To give an incumbent credit for reforms and improvements he was only completing or for the outcomes of policies that precede him is perhaps the practice throughout the world of voting nations. In our particular case, it is also incredibly irresponsible, for it forgives and blesses the lackadaisical manner in which the country has been run since 2002. This laidback style, would be permissible if our President were merely Head of State or if we were a state coasting along nicely to utopia.

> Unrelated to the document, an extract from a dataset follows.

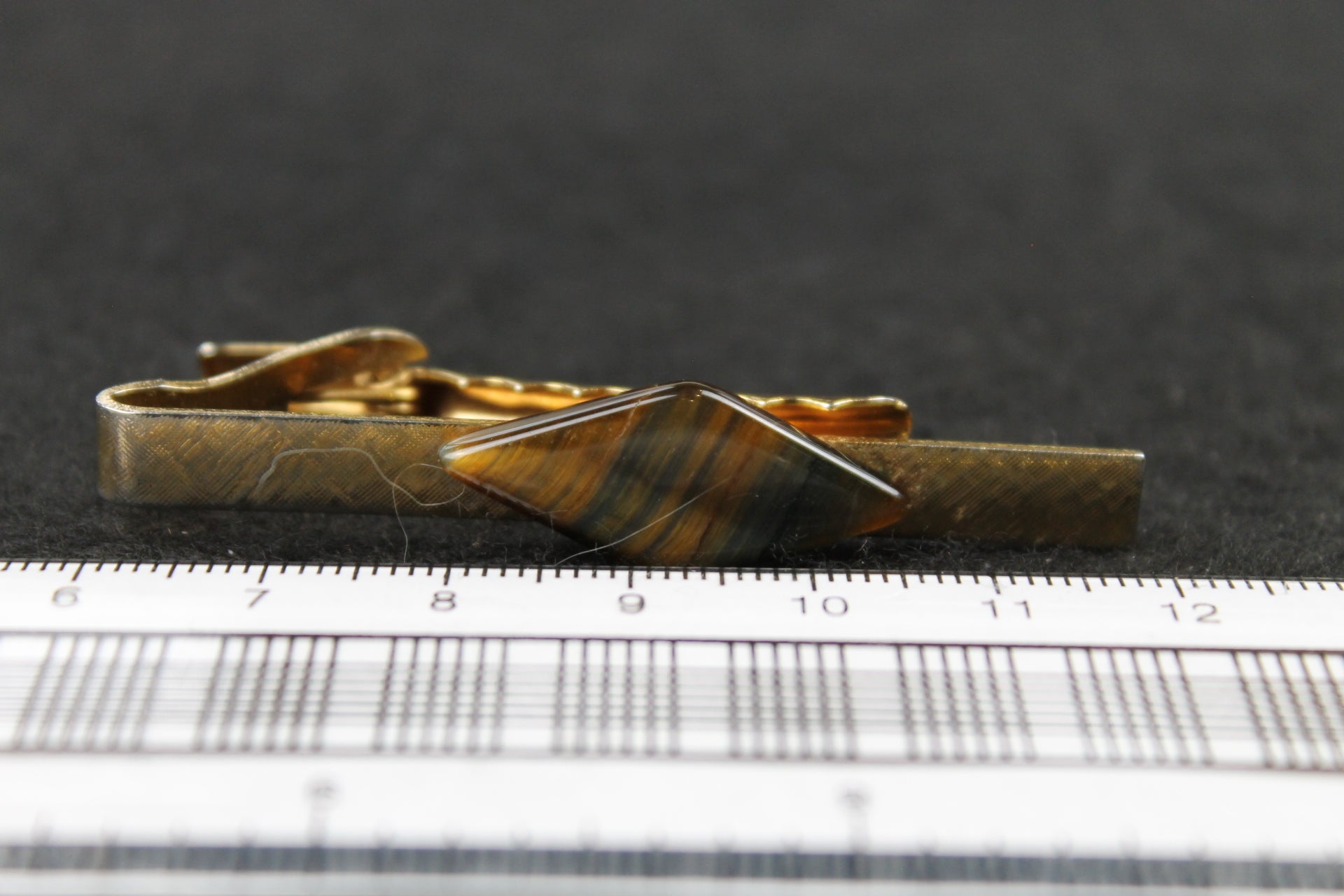 Vintage Diamond Tiger's Eye Stone Tie Clip

Neither of these is true with regard to Kenya, we are instead a nation struggling to get up on knees raw with the wounding of 40 years of economic and political catastrophe.
While our situation demands visionary and determined leadership to marshal the collective will in a progressive direction, we have had in the last four years, a first hand case study of how a chief executive thrust effortlessly into power against the whims of common sense can sit on his hands. Historical nicknames aside, the President has abdicated his duties as Kenya has craved leadership on a new all-encompassing constitution, East African Federation, the conflict in Somalia, the land time-bomb and related clashes in Mt. Elgon, Turkana, West Pokot, Mau and Tana River among innumerable other situations.
It is true that this determined strategy to do nothing has often been temporarily shelved, but even then merely to purvey the most obtrusive discrimination, of a kind unrivalled since the 1970s. Where the nation sought healing from political oppression of 40 years, it has received in its stead a perpetuation, even an extension of the nepotistic corruption that has created a greatly polarized Kenyan society.
Clement weather,
investor goodwill, a surge in remittances, divestments of state stakes and a
healing from the trauma inflicted by the Economic Structural Adjustment
Programmes flatter the present view of the economy, but as the effect of these boons
wear away, it is vital that Kenya
embark on a programme of radical reform in anticipation of the future.
An economy built on agriculture will not achieve the growth figures that will lift Kenyans out of poverty, and neither will temporary infusions of finances into the public coffers from taxes or the sale of public assets. Absent a total revolution of our economy, economic growth will slide up and down as the world economy favors, with an ever increasing class of poor Kenyans.
Understandably perhaps, the spectre of an ODM-K presidency sends many into a panic; but this must not preclude the appreciation of the fact that Mwai Kibaki's Presidency has been a sad failure. Promising much and delivering very little, it has not served in any way to sort out our deepest structural problems, nor provided the guidance and impetus to guide our economy and national outlook in any way fundamentally different from what prevailed since the late 1990s. I will not waste my vote, I will make sense of my ritual, I will not vote Kibaki.

Usualy I do not like the empty politicking that Kenyans so delight and excel in, in lieu of treating real issues. But your article is an exception. You should at all means submit it to the Guardian or the Financial Times for re-publication; it would be excellent for foreign readers.
So what will you do when election time comes? Abstain, likely?